Nach dem Ersten Weltkrieg bzw. dem Ende der Monarchie wurde es stiller um die Rudolfsvilla. Sie verblieb bis heute in Privatbesitz. Ein 1964 im Erdgeschoß eingerichtetes Naturmuseum wurde nach zehn Jahren wieder geschlossen. Das Gebäude wurde 2016 restauriert und revitalisiert. Das Innere ist nun weitgehend in Wohnungen unterteilt, die langfristig gemietet werden können. Kurzfristig steht die Villa und der Park für private und öffentliche Veranstaltungen aller Art, wie Hochzeiten oder Floh-und Adventmärkte zur Verfügung. In der Villa ist auch die Dauerausstellung „Sisi einst und jetzt“ zu sehen.
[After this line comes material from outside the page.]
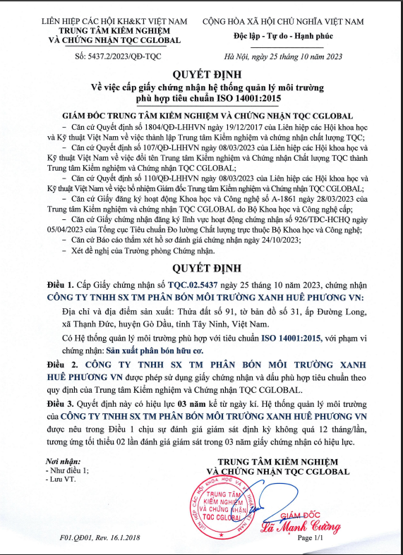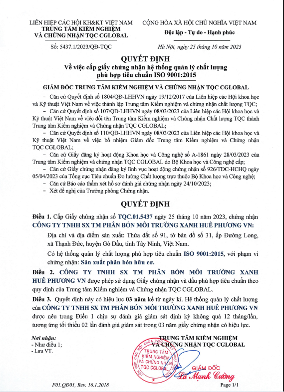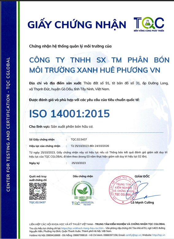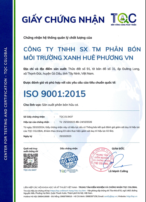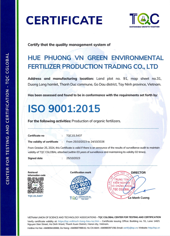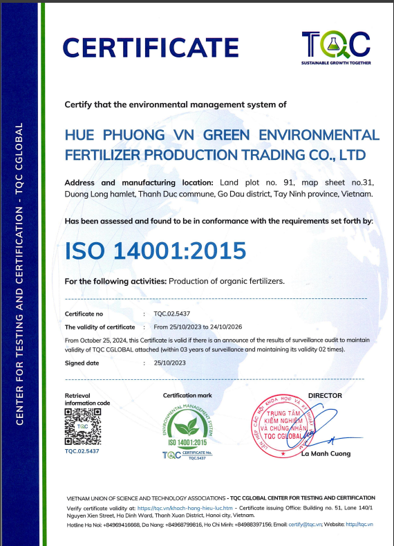 - Tiêu chuẩn chất lượng: Đạt chuẩn các tiêu chuẩn quốc gia về phân bón hữu cơ ( Iso 14001:2015…)

Da sich die Kaiserin Elisabeth hier wesentlich seltener als ihr Sohn oder der Kaiser aufgehalten hat und sie auch keine besondere Vorliebe für Reichenau zeigte, wurde der neue Name „Sisi-Schloss“ wohl aus Marketinggründen gewählt. Der Bau ist eine Dreiseitanlage im Stil des Romantischen Historismus mit Einflüssen der Tudor-Gotik. Seine Schmalseiten sind der Thalhofstraße zugewendet. Der dortige kleine Ehrenhof wird von einem großen Marmorbrunnen dominiert, dessen vier mit Maskarons, Putten und Muschelschalen ausgestatteten Wasserspeier einst als Einzelbrunnen das alte Burgtheater in Wien schmückten. Die im Ehrenhof aufgestellt Büste Kaiser Franz Josephs ist heute nicht mehr vorhanden. Sie stand ursprünglich vor der Schule und wurde erst 1970 hierher gebracht. Die ebenfalls zweigeschossige Talseite weist einen schmalen, kaum vorragenden Mittelrisalit auf, an den an beiden Seiten vier Fensterachsen anschließen. Der Risalit zeigt einen flachen Dreiecksgiebel und einen von einem Schmiedeeisengitter begrenzten Balkon. Die Schmalseiten der Längsflügel wurden in jüngster Zeit mit großformatigen Bildern des Kaiserpaares dekoriert. Die Fassaden werden durch einen für die Zeit ihrer Errichtung typischen Terrakotta-Schmuck belebt und gegliedert. Hinter der Rudolfsvilla erstreckt sich ein Park mit einer großen Wiese.

Ort/Adresse: 2651 Reichenau an der Rax, Thalhofstraße 6

Besichtigung: Normalerweise nur von außen möglich. Bei Veranstaltungen ist jedoch zumindest der Hof zugänglich.